Disney+’ta yayınlan törenin tüm aralarında Barbie filminin müziğinden Dua Lipa ve Mark Ronson’un ‘Dance the Night’ şarkısının enstrümantal versiyonu çaldı. Muhafazakar Yahudi bir aileden gelen Mark Ronson aynı zamanda Barbie filminin müziğinin baş yapımcısı. Törenin tartışmasız en eğlenceli ve renkli anı Ryan Gosling’in onu sahnede karşılayan Mark Ronson ile birlikte ‘I am Just Ken’ şarkısını söylemesiydi. Tüm salon şarkıda Ronson’ın yazmış olduğu sözlere eşlik etti. Fakat En İyi Film Müziği Ödülü Oppenheimer için bestelediği müzikle ikinci Oscar’ını kazanan besteci Ludwig Göransson’ın oldu.

Billie Eilish ve Finneas O’Connell

En İyi Şarkı Ödülü, Barbie filminde Barbie’nin yaratıcısı Mattel’in kurucusu Yahudi asıllı Ruth Handler ile tanışma sırasında çalan Billie Eilish ve kardeşi Finneas O’Connell’in yazdığı ‘What was I made for’ şarkısının oldu. İki kardeş kıyafetlerinin üzerindeki İsrail-Hamas savaşının sona ermesi mesajını taşıyan kırmızı rozetle dikkat çekti. Bu kırmızı rozet ‘Poor Things’deki performansıyla aday gösterilen ve tüm gece ekranlarda görünen Yahudi asıllı Mark Ruffalo tarafından da takıldı.

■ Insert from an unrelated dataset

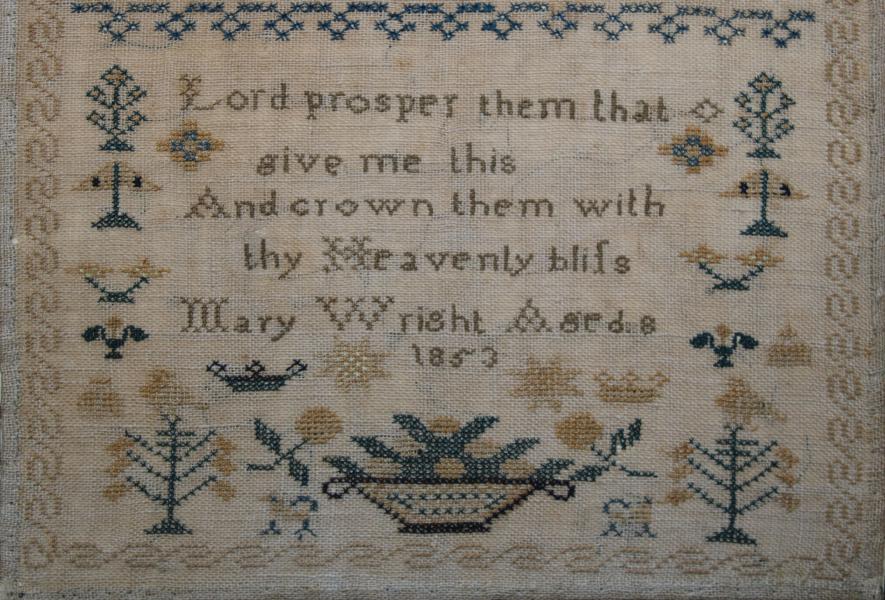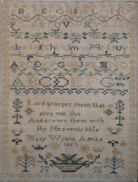 A classic 19th century sampler worked by Mary Wright aged only 8 in 1853.
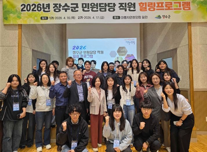 뉴한국방송뉴스통신사 김성의 기자 | 장수군은 지난 16일부터 17일까지 와룡자연휴양림 일원에서 민원 담당 공무원의 직무 스트레스 해소와 심신 치유를 위한 ‘2026년 민원담당 직원 힐링 프로그램’을 실시했다고 밝혔다.

Geçen yılki rekorunu devam ettiren Yahudi asıllı Diane Warren 15. kez yazdığı film şarkısıyla aday oldu ve yine kazanamadı. Warren, ‘The Fire Inside’ filminin ‘Flaming Hot’ şarkısıyla yarışıyordu.

Makyaj Ödülü üç Yahudi karaktere de gitmedi

 

Willem Dafoe

En İyi Makyaj ve Saç Tasarımı Ödülü adaylarından Golda, Oppenheimer ve Maestro filmlerinin gecede kaybeden olmaları dışında bir ortak yanları daha vardı. Üç filmin ana kahramanları Yahudi karakterlerdi, sırasıyla İsrail’in eski Başbakanı Golda Meir, Yahudi fizikçi Robert Oppenheimer ve orkestra şefi ve besteci Leonard Bernstein. Hatta Bernstein’ın Yahudi kimliği için filmde abartılı bir protez burun kullanılması, Yahudi çevrelerin duygularını incittiği için eleştirilmişti.

Altın heykelciği evine götüren film ‘The Poor Things’ oldu. Willem Dafoe’nin fazlasıyla bozulmuş yüzü, Emma Stone’un upuzun saçları ve Mark Ruffalo’nun birbirine girmiş saç ve sakalı ile ödül fazlasıyla hak edilmiş olarak değerlendirildi. Poor Things’in baş kahramanı Bella Baxter karakterine can veren Emma Stone En İyi Kadın Oyuncu Ödülü’nü şaşkınlık içinde ve arkası patlayan elbisesi ile aldı.